From Robert Reich, economist, professor, author:

"On Thursday, congressional Republicans will introduce a constitutional amendment to balance the federal budget. They're not doing this because they think it will be enacted (it doesn't stand a chance in the Senate, and Obama would veto it anyway). They're doing it to perpetuate their biggest lie: that the federal budget deficit is responsible for the still-anemic recovery. That's the lie they'll continue to tell over the next 7 weeks as they drag the nation through another set of showdowns over sequestration (the fiscal cliff on March 1), continuing resolutions to fund the government (running out later in March), and the debt limit (end of March).


The opposite is true: Continued cutbacks in government spending, and tax increases on the middle class and working poor (such as the Social Security tax increase at the start of January, as well as sales-tax increases in 16 states), are robbing the economy of the demand it needs when... consumers are still unable to provide it.


Republicans have been telling the Big Lie that the budget deficit is to blame for our economic problems for more than two decades -- even though Ronald Reagan and George W. Bush were far more responsible for running up the tab than either Bill Clinton (under whose administration the budget was finally balanced and put into surplus) or Barack Obama (who inherited a fiscal mess and has now got the deficit down to 5.3 percent of GDP).
They want the public to believe the Big Lie because it fits in with their hate-the-government ideology, and enables them to whittle it down, especially programs the middle class and working poor depend on -- including the two programs they've despised more than any others because they're so popular: Medicare and Social Security.

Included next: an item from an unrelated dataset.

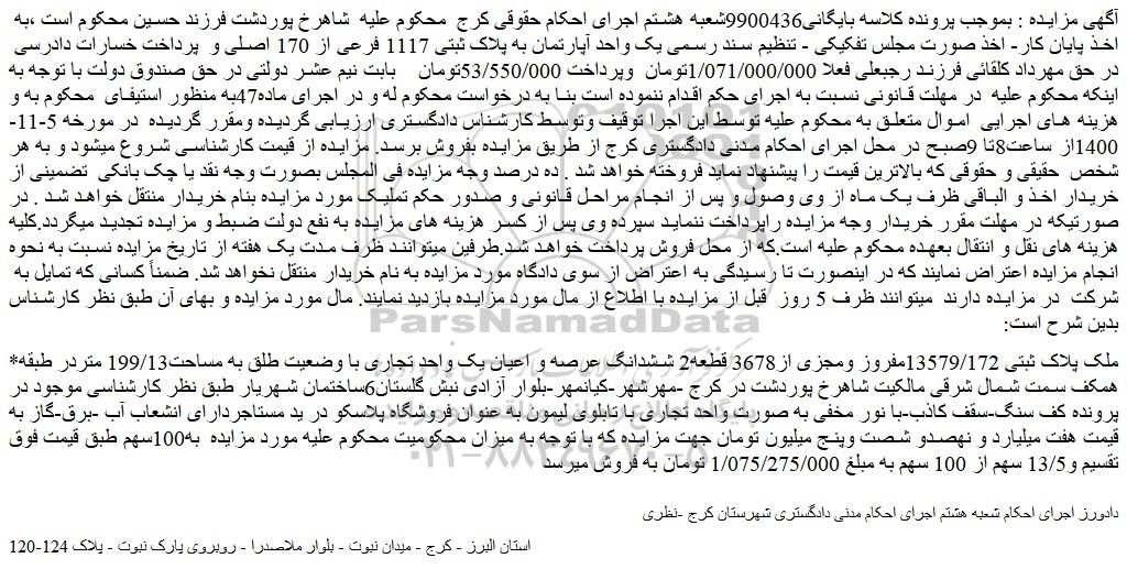 *ملک پلاک ثبتی 13579/172مفروز ومجزی از3678 قطعه2 ششدانگ عرصه و اعیان یک واحد تجاری با وضعیت طلق به مساحت199/13 متردر طبقه همکف سمت شمال شرقی مالکیت شاهرخ پوردشت در کرج -مهرشهر-کیانمهر-بلوار آزادی نبش گلستان6ساختمان شهریار طبق نظر کارشناسی موجود در پرونده کف سنگ-سقف کاذب-با نور مخفی به صورت واحد تجاری با تابلوی لیمون به عنوان فروشگاه پلاسکو در ید مستاجردارای انشعاب آب -برق-گاز به قیمت هفت میلیارد و نهصدو شصت وپنج میلیون تومان جهت مزایده که با توجه به میزان محکومیت محکوم علیه مورد مزایده به100سهم طبق قیمت فوق تقسیم و13/5 سهم از 100 سهم به مبلغ 1/075/275/000 تومان به فروش میرسد

President Obama mustn't let them. We mustn't let them."

We need to support and fight for this, instead: 

Tax Fairness Act

2 comments:

skd said...

Lets reduce the deficit!
Less guns=less gun deaths and injuries= less costs ;-)


"There are enormous economic costs associated with gun violence in the U.S. Firearm related
deaths and injuries resulted in medical and lost productivity expenses of about $32 billion
in 2005.1 But the overall cost of gun violence goes well beyond these figures. When lost quality
of life, psychological and emotional trauma, decline in property values, and other legal and societal consequences are included, the cost of gun violence in the U.S. was estimated to be
about $100 billion annually in 1998."
http://www.jhsph.edu/research/centers-and-institutes/johns-hopkins-center-for-gun-policy-and-research/publications/WhitePaper102512_CGPR.pdf

Mo Rage said...

Excellent points and link, thank you.